Tiny strawberry seeds cover the outside of the fruit, and these strawberry seeds will produce plants; however, they will not be like the hybrid berry plants that give us large, juicy red berries. Strawberries are octoploid, which means that they have eight sets of chromosomes compared to typical diploids with two sets. For this reason, the seeds do not grow true to the parent. Commercial strawberry plants are propagated asexually by runners to assure that plants are identical to the parent.
  1. Parent Plant

    • To grow strawberries, you need to set out plants. For a harvest the same year, plant them very early in the spring, when the soil is still cold. Plant them in full sun and mulch them. The strawberry plants are still dormant, and they look like strings of roots gathered into a ball at the top. The top of the plant is the "crown," which needs to be just at the soil level and not buried or it will rot. The leaves will grow directly from the crown, and so will the blossom stems and berries.

    Bloom

    • As the spring weather warms, the strawberry plants will send out lots of lush leaves. Blossoms appear in mid to late spring. Usually, several blossoms grow along one stem. New varieties of strawberries have early, mid-season and late production times, and many varieties produce again in the fall or in small numbers all summer long.
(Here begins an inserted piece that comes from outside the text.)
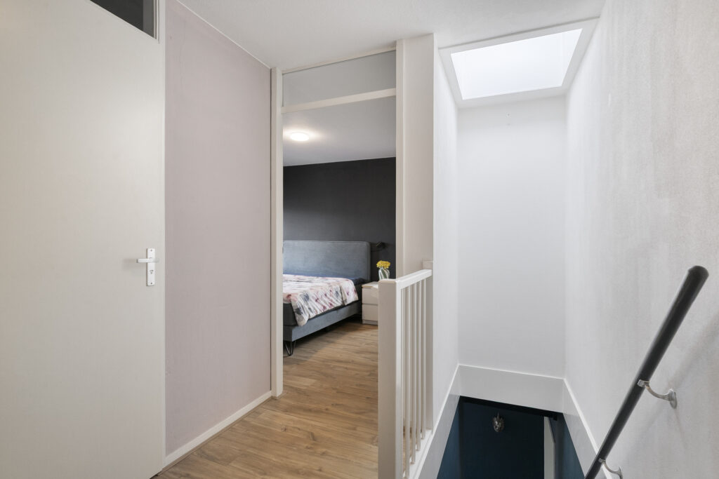De overloop biedt toegang tot twee ruime slaapkamers en een complete badkamer. Tevens is er een lichtkoepel aanwezig die voor extra daglicht zorgt. Zowel de overloop als de slaapkamers zijn voorzien van een nette laminaatvloer.

The plants rebloom for each round of berries.

    Pollination

    • The more completely the blooms are pollinated, the nicer the berries will be. Misshapen or stunted berries are usually due to poor pollination. Never use pesticide when the plants are blooming, or it will kill the bees and insects needed for pollination. Many organic controls such as diatomaceous earth will kill the beneficial insects along with pests.

    Berries

    • A strawberry forms from the yellow center of the pollinated flower. One flower makes one berry. Straw mulch or similar light mulch under the plants will keep the berries off the ground, making them less apt to have fungus or mildew problems.

    Runner Tip

    • Mature strawberry plants produce baby plants on runners. This keeps each new plant genetically true to its parent. After the berries, the mature plants will send out long runners that reach out from the parent plant and eventually touch the soil several inches from the crown of the parent. Baby plants develop on the tips of the runners.

    Runners

    • When the baby plants touch the soil, they send out roots and become a new plant. Once a strong root system has grown, snip the runner to separate the new plant from the parent. You can then transplant the new plant to begin the cycle again.

      Propagating runners can be an ongoing task for the home gardener, since strawberry plants generally produce for three years.